● **Try it**: The answer should hold every line of the listing, unchanged and free of images.

● **Dataset content**:
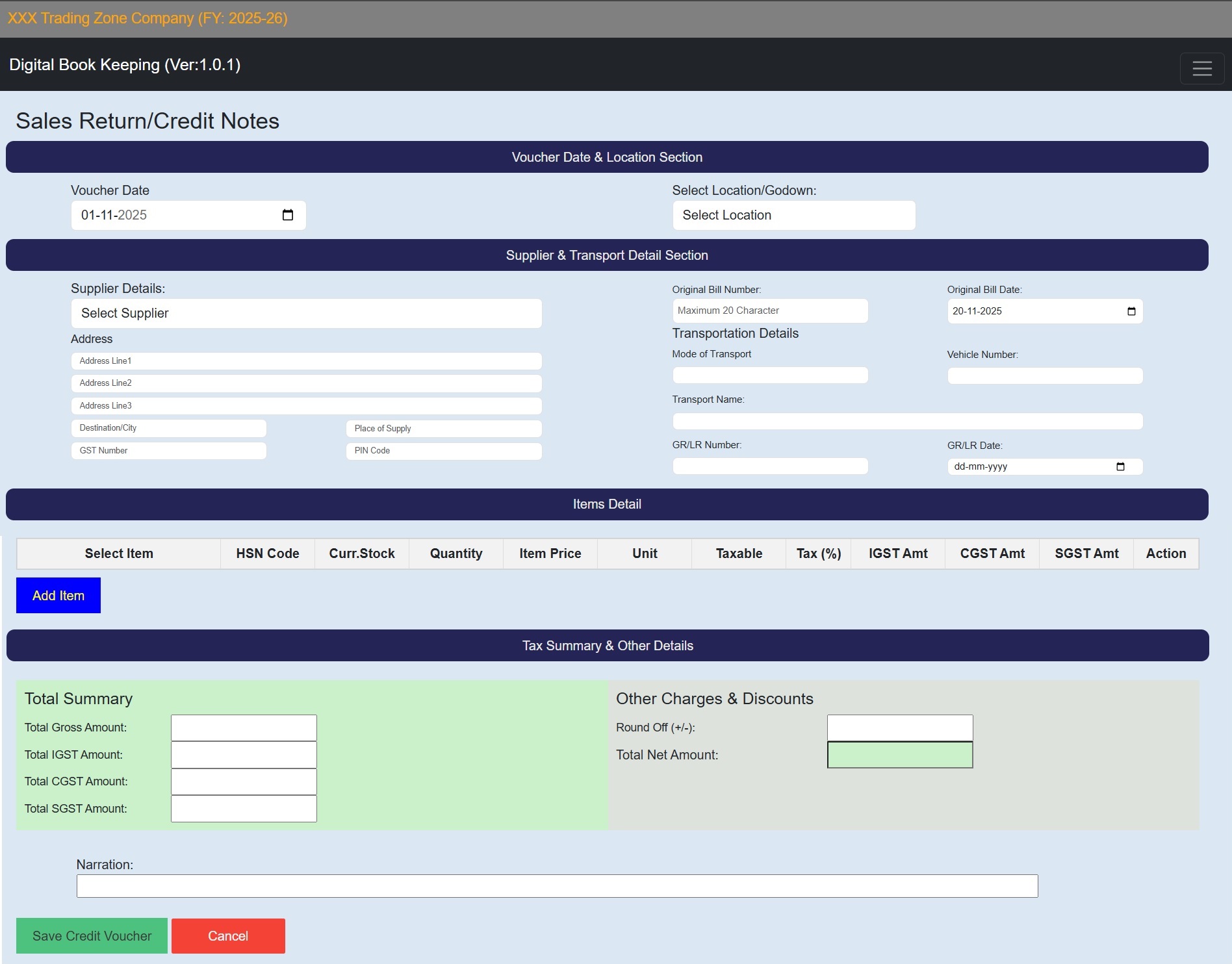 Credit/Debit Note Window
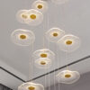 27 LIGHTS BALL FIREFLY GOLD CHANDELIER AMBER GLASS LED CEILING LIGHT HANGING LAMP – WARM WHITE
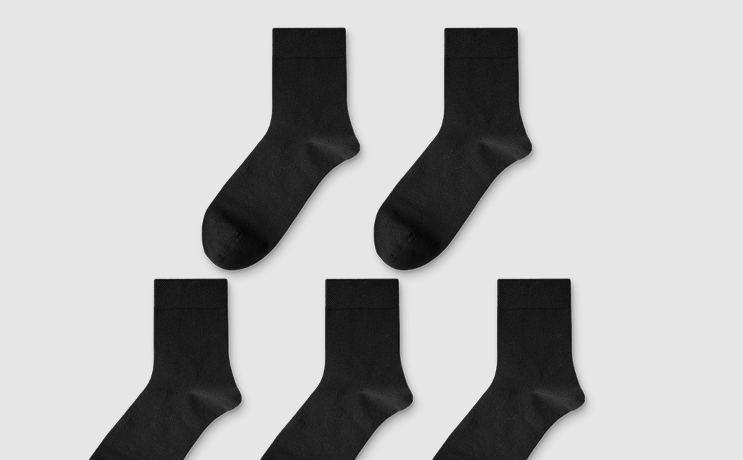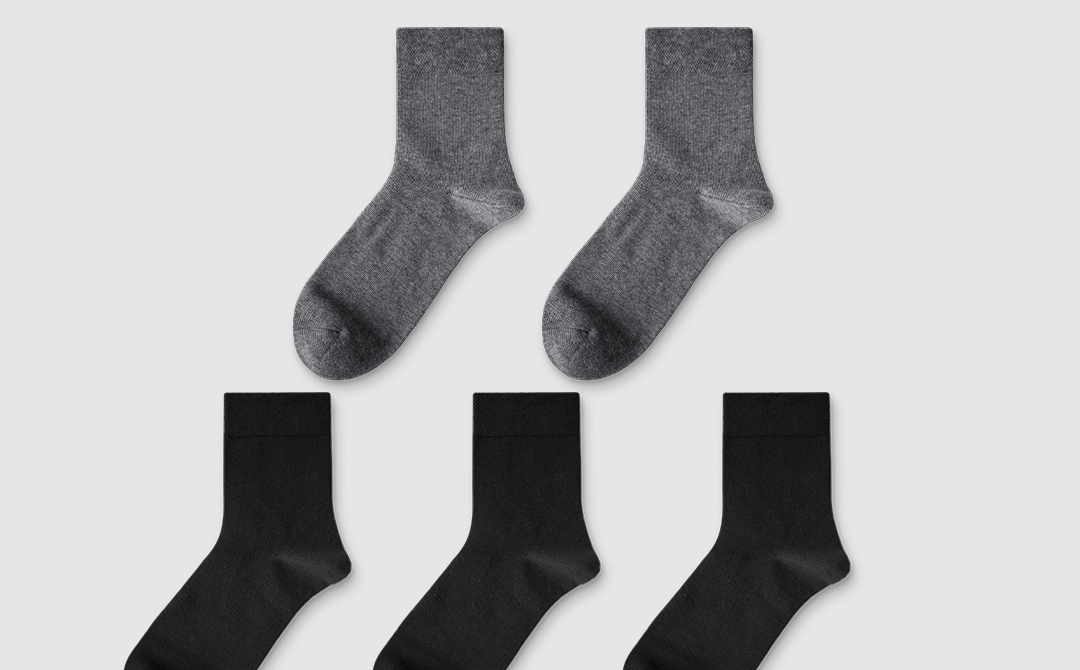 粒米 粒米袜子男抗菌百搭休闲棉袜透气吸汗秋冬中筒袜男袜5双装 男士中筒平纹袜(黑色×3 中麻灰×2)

● **Task answer**:
 Credit/Debit Note Window
 27 LIGHTS BALL FIREFLY GOLD CHANDELIER AMBER GLASS LED CEILING LIGHT HANGING LAMP – WARM WHITE
 粒米 粒米袜子男抗菌百搭休闲棉袜透气吸汗秋冬中筒袜男袜5双装 男士中筒平纹袜(黑色×3 中麻灰×2)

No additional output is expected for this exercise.